Mention personal style and Wes Anderson, who was chortling just a moment ago, looks like he suddenly slurped down a bad oyster. “I don’t want anyone to think I follow trends and fashion because, well, frankly. . . I just don’t,” says the director.

Never mind the fact that Anderson is kitted out in a handmade khaki suit, marlin blue oxford with starched collar and cocoa-brown suede loafers that bear nary a scuff. Or that he popularized the shrunken suit to such a degree that almost every menswear designer -- from Thom Browne to Valentino -- now uses less fabric. Or that his films -- “Rushmore,” “The Royal Tenenbaums,” “The Life Aquatic” -- actually get flak for being so obsessed with style.

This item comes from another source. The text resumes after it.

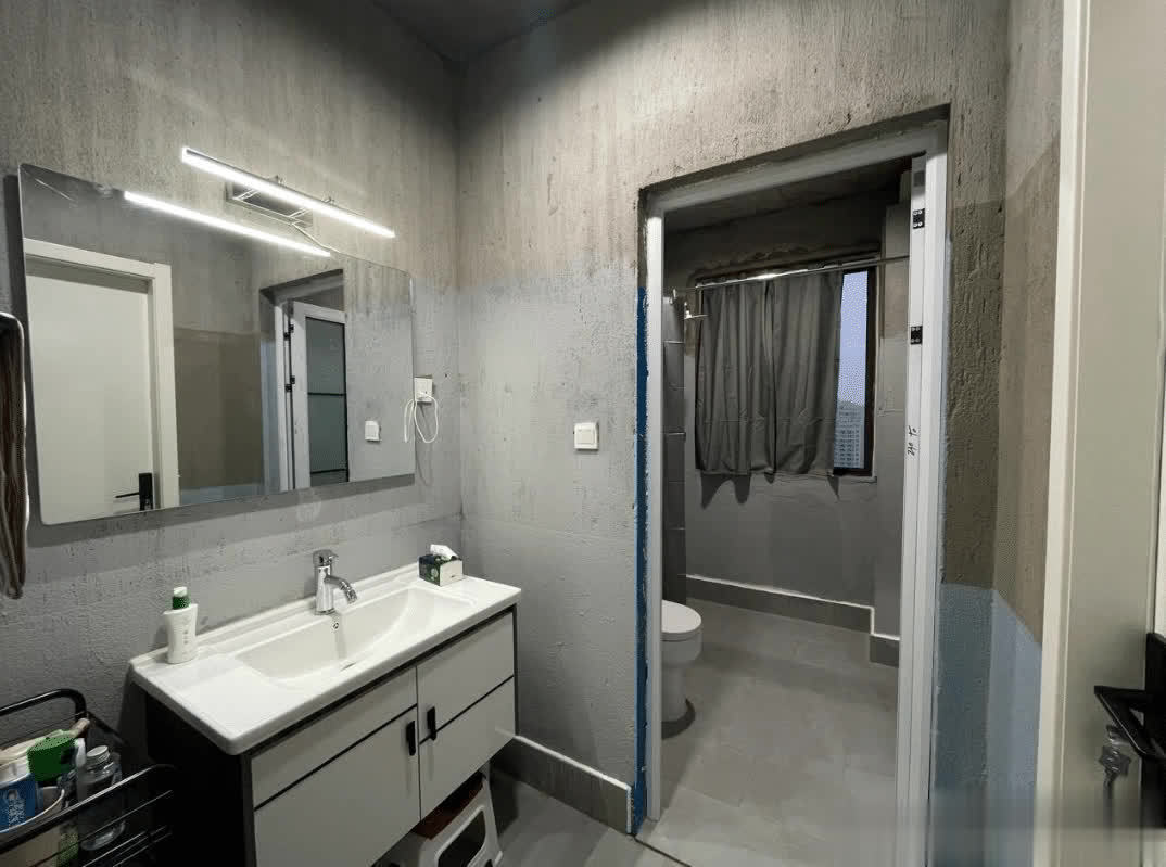 卫生间原本就有干湿分离的结构,直接给墙壁和地板刷上防水层,然后就安装相应的卫浴。

Call him a misfit. Call him an outsider. Just don’t call him stylish.

“Wes is very stylish,” says Marc Jacobs by phone from Paris. The designer, as artistic director of Louis Vuitton, teamed with Anderson to come up with a new look -- flannel suits that don’t cinch at the shoulders or reveal naked ankles -- and a set of luggage for his latest film, “The Darjeeling Limited.” The pairing makes perfect sense. Jacobs’ fashion shows have an ethereal, cinematic quality, and he even name-checked Bernardo Bertolucci as inspiration for a recent collection. Anderson’s fastidious attention to quirky style details in his films is legendary.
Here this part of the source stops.